The clear, simple answer is no! The continued, rapid consolidation of the communications and entertainment business is not in the interest of consumers or content creators.
If allowed to merge, this Mega-Cable monolith of a conglomerate would control more than a third of America’s cable television and broadband markets, including New York; Los Angeles; Dallas-Ft. Worth; and Charlotte and Raleigh-Durham, N.C. The merged companies, plus Comcast, would constitute a dangerous duopoly controlling almost 90% of all high-speed broadband connections in the country. That would put these giants in position to control the fate of new and emerging over-the-top services that rely on a robust high-speed broadband connection.
Worse yet, the thought that this merger is only a one-dimensional “distribution” play seems to us to be an unfinished sentence. Charter Communications and Liberty Media are very tightly linked with Discovery Communications, which owns 13 cable networks in the United States alone. Mega-Cable would have clear incentives to exercise its leverage in favor of Discovery content.
The content that consumers crave is carried over a single digital pipeline, whether it comes in the form of cable TV signals, OTT services, or online viewing. Content creators — especially independent storytellers and programmers — rely on competition among these entities to give them the opportunity to pitch and sell their work in as many places as possible. This ensures they are able to fetch a fair price and creates a diverse range of programs that inform and entertain audiences.
This is what competition is supposed to be about: a robust marketplace offering the greatest number of options to creators and consumers alike. The Mega Cable merger would significantly reduce competition. We urge the FCC and the Department of Justice to reject it.
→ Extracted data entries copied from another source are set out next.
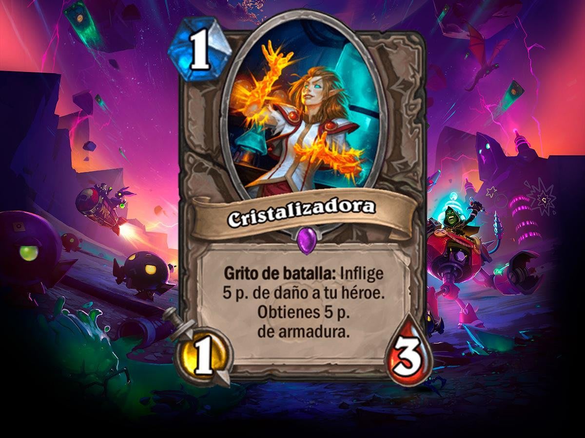 La Cristalizadora es el arma de doble filo, una carta de Brujo para todas las clases que trata de enmendar su error. Como salida no está nada mal, evitando los cinco puntos de daño con cinco de armadura. La salud se puede recuperar, y el escudo, en clases como el Guerrero, se puede utilizar para dañar al rival.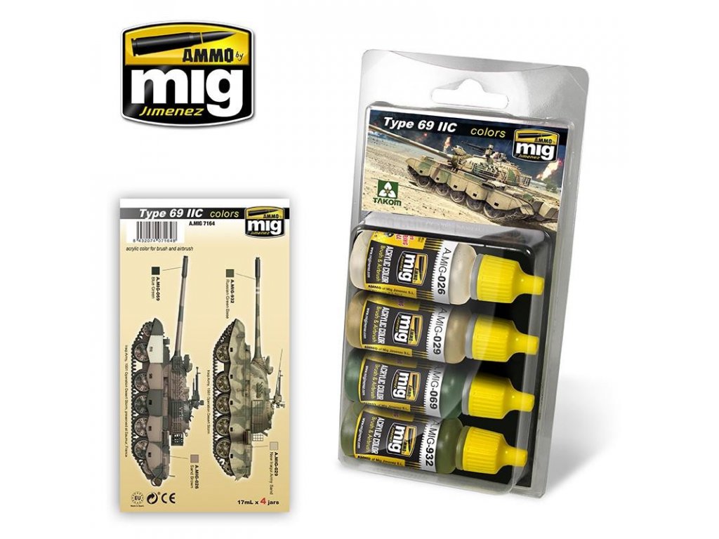 Set mit Acryl-Modellfarben von Ammo, entwickelt zum Bemalen oder Sprühen von Modellen des Panzers Typ 69 II der irakischen Armee.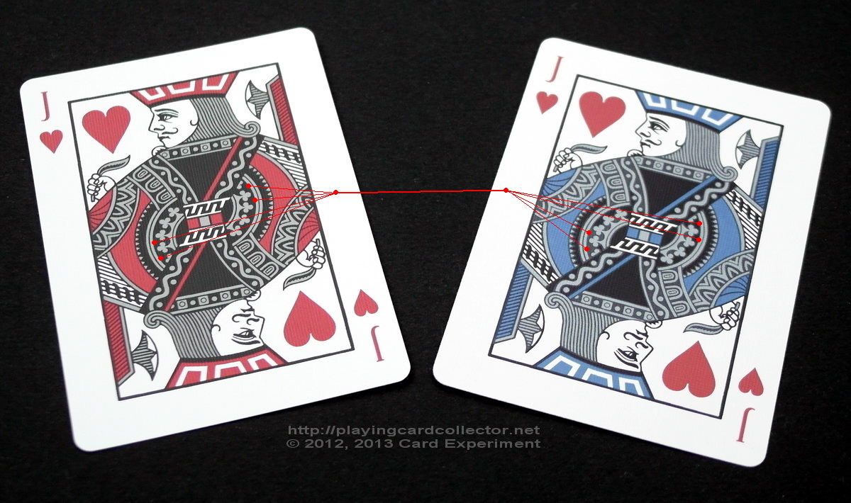 Pay your attention to details made with silver metallic ink on the Jack of Hearts (and some other court cards from Bicycle Asura Metallic Blue deck). You can see some mistakes of printing mentioned on this blog before. So this is an unpleasant diagnosis – USPCC can’t properly print those small details with metallic ink. And it is really strange taking into account backs from this blue deck made with blue and silver metallic inks. Bicycle Asura Red deck doesn’t use metallic ink for those design elements and doesn’t have the problems. Clickable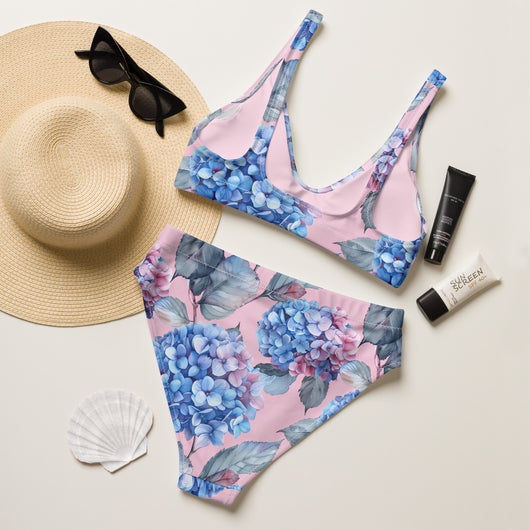 [Floral Bloom] Blushing Hydrangea Recycled High-Waisted Bikini

The Writers Guild of America, East, AFL-CIO, represents thousands of members who create shows and craft compelling stories. Our work is enhanced when there are multiple opportunities to obtain distribution, funding and direct access to audiences. We, and the audiences with whom we share our work, are diminished by the increased power of the proposed Charter merger with Time Warner Cable and Bright House Networks.
Lowell Peterson is executive director and Michael Winship is president of the Writers Guild of America, East.